We further overexpressed cricRNA-0068481 in AC16 cells by transfecting p-circRNA-0068481 (Figure 3A). Accordingly, the expression of miR-646 (Figure 3B), miR-570 (Figure 3C) and miR-885 (Figure 3D) was remarkably suppressed in AC16 cells by p-circRNA-0068481, whereas the expression of EYA3 mRNA (Figure 3E) and protein (Figure 3F) was notably increased in AC16 cells. Meanwhile, the expression of circRNA-0068481 was repressed in AC16 cells by cricRNA-0068481 siRNA (Figure 4A).

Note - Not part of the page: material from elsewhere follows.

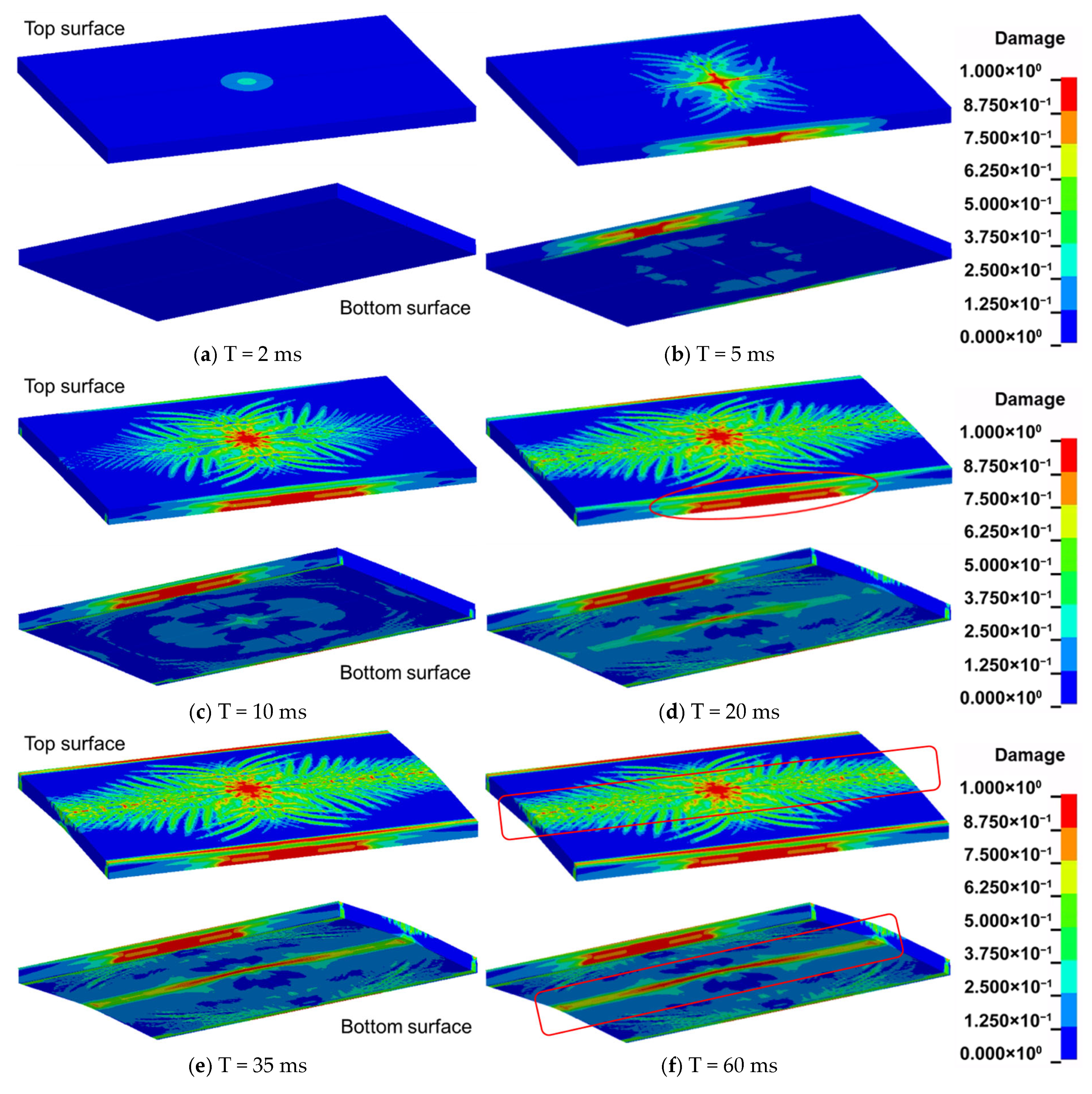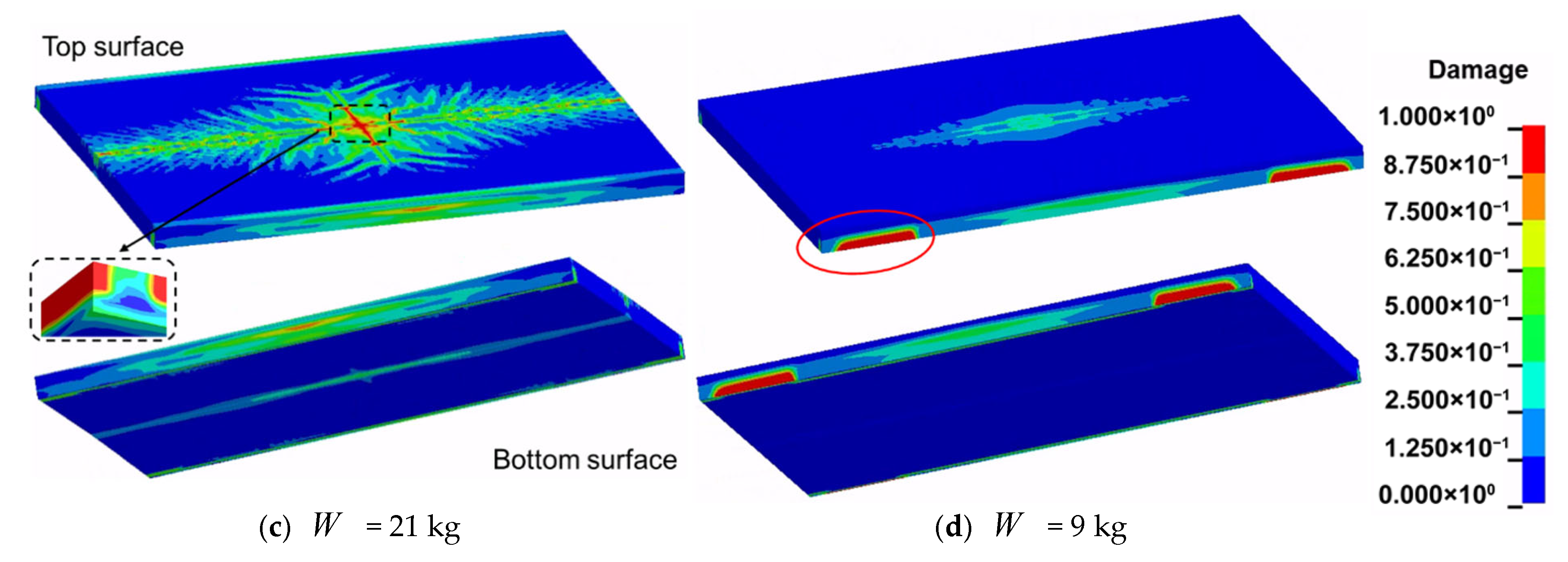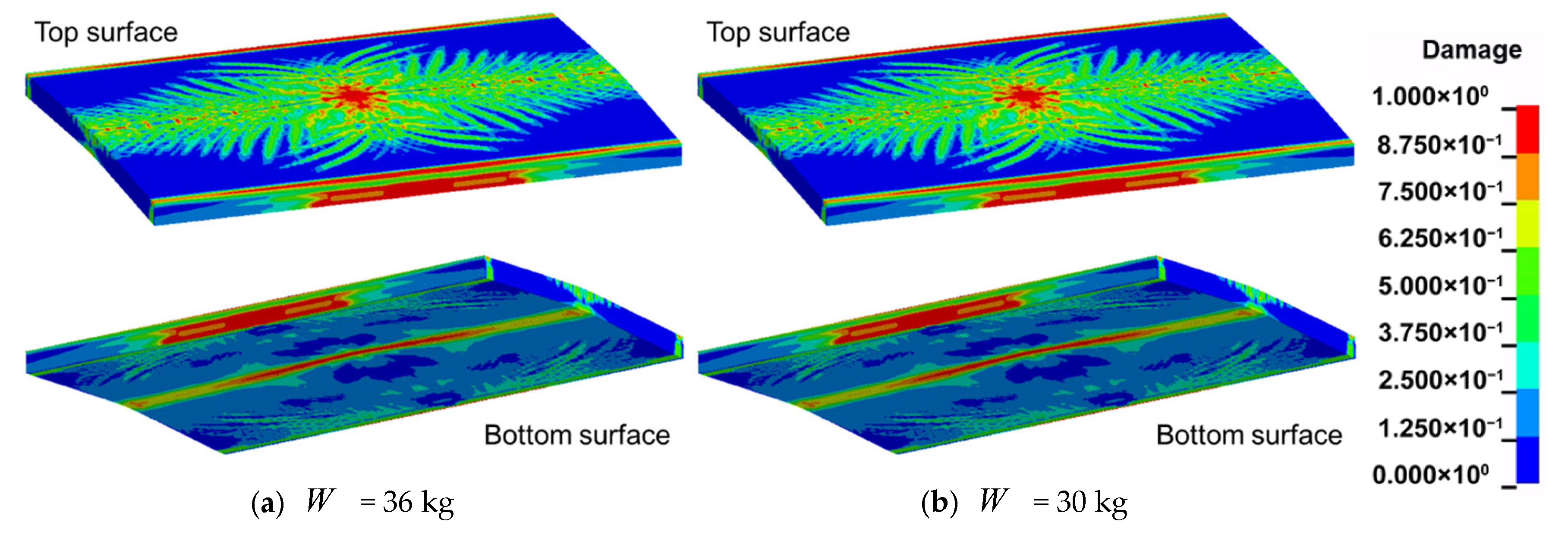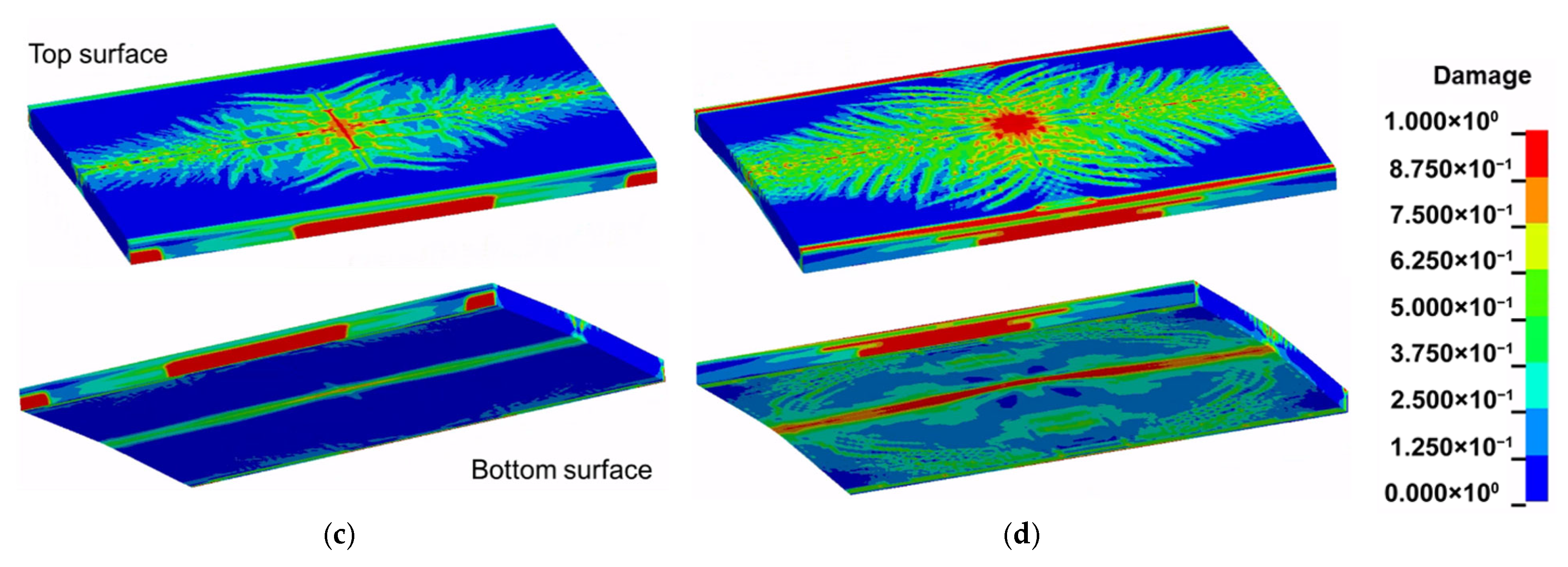 Figure 19 illustrates representative failure patterns corresponding to the four defined damage levels. At the slight damage level (Figure 19a), only small-scale cracking develops on the top surface, accompanied by localized tensile damage near the longitudinal ends of the side faces. The bottom surface remains essentially intact, and the overall stiffness and load-carrying capacity of the slab are largely preserved. At the moderate damage level (Figure 19b), the damaged area on the top surface expands, forming a distinct longitudinal band above the detonation region. Damage at mid-span along the side faces becomes more pronounced, and initial cracking appears on the bottom surface, with the longitudinal band remaining the dominant damage feature. At the severe damage level (Figure 19c), the affected zones on both the top and bottom surfaces enlarge significantly, and damage at mid-span intensifies substantially. The longitudinal damage bands on the upper and lower surfaces connect through the thickness, indicating a marked reduction in flexural stiffness. Concurrently, the damaged region at mid-span along the side faces broadens, whereas damage near the longitudinal ends diminishes. At the collapse level (Figure 19d), the top surface exhibits extensive cracking and spalling. The longitudinal bands on the top and bottom surfaces become fully connected over a large portion of the span. Severe damage concentrates at mid-span on the top surface and along the longitudinal band on the bottom surface. Adjacent areas show intensified cracking, and localized through-thickness failure zones develop near the side faces.

As a result, the expression of miR-646 (Figure 4B), miR-570 (Figure 4C) and miR-885 (Figure 4D) was remarkably increased in AC16 cells by circRNA-0068481 siRNA. The expression of EYA3 mRNA (Figure 4E) and protein (Figure 4F) was significantly suppressed in AC16 cells by circRNA-0068481 siRNA.

4 DISCUSSION

PAH can lead to right ventricular (RV) disorder, a death leading morbidity.^{26, 27} The prognosis of PAH is highly associated with certain RV parameters, including right atrial pressure and cardiac index.^{5, 28, 29} Wilkins et al found that sildenafil treatment reduced RV mass.³⁰ Galie et al revealed that bosentan therapy was linked to enhancement in RV systolic functions.³¹ In this study, we recruited PAH patients with or without RVH to explore the mechanistic role of circRNA-0068481. We found that RVH was significantly related with increased circRNA-0068481 expression and decreased miR-646 and miR-570 expression, which were proved to act as potential biomarkers for RVH diagnosis.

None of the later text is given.